Provably Correct Code Generation
Automatically generating the
production software from a specification solves many of the problems
in system development. If correct, automated translation guarantees
that the behavior of the production code is consistent with the
formal specification. There are several commercial systems
that are based on this idea and translate a formal or semi-formal
specification to executable code, for instance, Statemate from
I-Logix, the Rose tools from Rational Corporation, and SCADE from
Verilog.
There are, however, various reasons to
distrust code generated from a formal or semi-formal specification.
First, the translation process may not be formal: the specification
and/or target language may not have formal semantics, the
translation may not be formally defined, and the code generator may
not transparently implement the formal translation. Second,
the code may not be traceable back to the original specification.
Third, the generated code may not be suitable for the environment:
it may be too inefficient, or not match the traceability/readability
standards required for the project.
We are attempting to generate
production code that can be trusted and is efficient enough to be
used in most safety-critical domains. Our approach is based on the
denotational semantics of both RSML-e (Requirements
State Machine Language without Events) and a simplified imperative
target language (SIMPL).

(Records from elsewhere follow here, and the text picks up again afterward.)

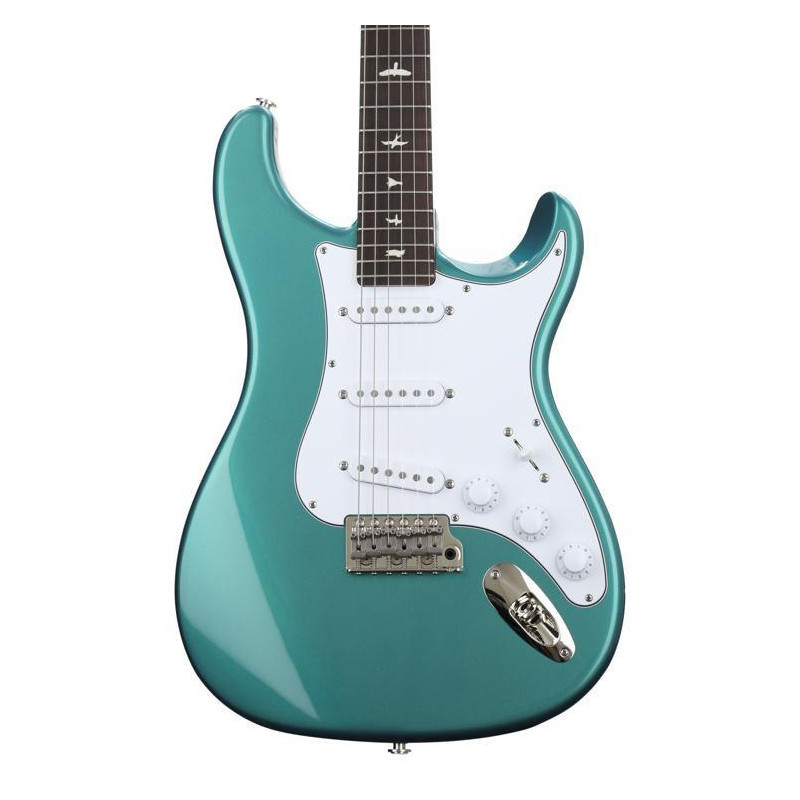 ST ELECTRIC GUITAR John Mayer Silver Sky Signature model. Inverted PRS blade design. Alder body. Bolt-on maple neck, 22 frets, 25.5? scale. Typical Mayer 635JM profile and 7.25? fingerboard radius. Rosewood fretboard. Inlays: Birds (Small). Bone nut. PRS steel tremolo bridge with Gen-III hardware. TunersVintage Style with PRS locking design. 3 single pickups 635JM. Curved molded metal plate on jack connection. Redesigned potentiometers. Double action PRS core, accessible from the front of the blade for greater ease. Volume and 2 Tone controls, with a 5-position selector. Includes cover.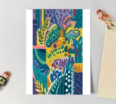Un vivace e gioioso patchwork di vari motivi astratti e colori, tra cui fiori, strisce e forme geometriche, che creano un design tessile vivace ed energico.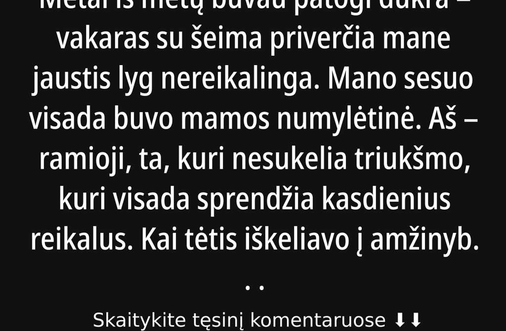 Mano sesuo visada buvo mamos numylėtinė. Aš ramioji, ta, kuri nesukelia triukšmo, kuri visada sprendžia kasdienius reikalus. Kai tėtis iškeliavo į amžinybę, likau su mama Vilniaus daugiabutyje. Sesuo jau gyveno Kaune su vyru, sekmadieniais grįždavo aplankyti.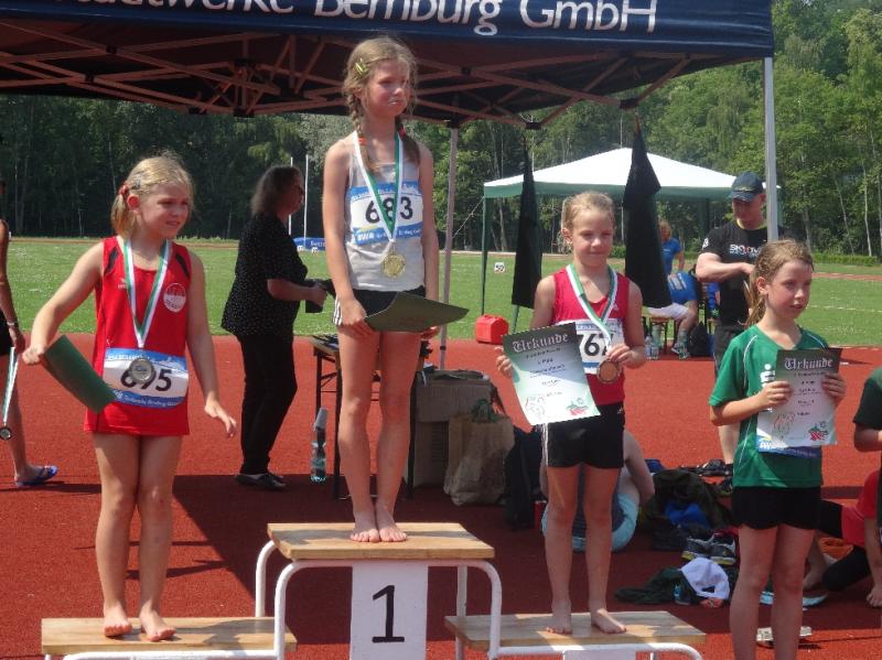 Einen sehr erfolgreichen Tag hatte auch Fabienne Sämisch (w9). Mit 3 persönlichen Bestleistungen (Ball-25,72m (2.), 50m-8,97 (3.), weit-3,19m (3.) durfte sie drei Mal auf dem Podest ihre Medaillen in Empfang nehmen.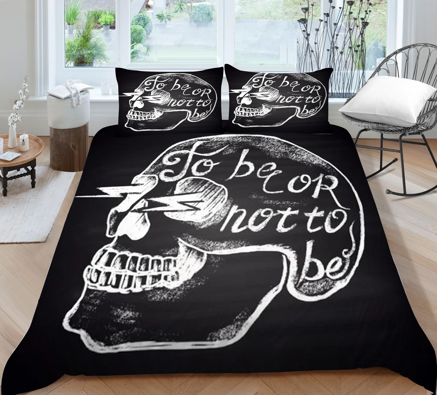 Набор пододеяльников с принтом черепа, ужасный стиль, постельное белье, костюм для мальчиков, один размер, пододеяльник, костюм, черный фон, домашнее постельное белье EU Single 135x200cm

The semantics are used to prove that
the translator correctly implements the RSML-e
semantics in SIMPL. SIMPL is a subset of several imperative
languages (for example, C, C++, and Ada) so that we can trivially
map our generated code to several imperative languages. SIMPL also
has a much smaller semantics than commercial imperative languages,
so it is easier to use in the translation proofs.
We intend to use the code generator in
both research and industrial systems to investigate the following
questions:
-
How difficult is it to provide a
complete formalization of the code-generation process?
-
What is the worst-case execution
time of the generated code, and is it sufficient for a broad
variety of safety-critical applications?
-
Which provably-correct
optimizations provide the largest benefit to the worst-case
execution time? How do they affect
traceability/readability?
-
Is it possible to split an RSML-e
specification into communicating subtasks to improve performance
and processor utilization? Can formal correctness
arguments for the generated code be provided?
As far as we are aware, no code-generation approach from a formal
specification language provides a completely formal basis for
translation. Our approach will yield a full formalization of the
translation process. We believe that generating non-optimized,
easily readable and traceable code is sufficient for a variety of
safety-critical systems. For applications with more stringent
time deadlines, provably-correct optimizations can dramatically
improve performance and still provide a high degree of traceability
and readability from the specification. |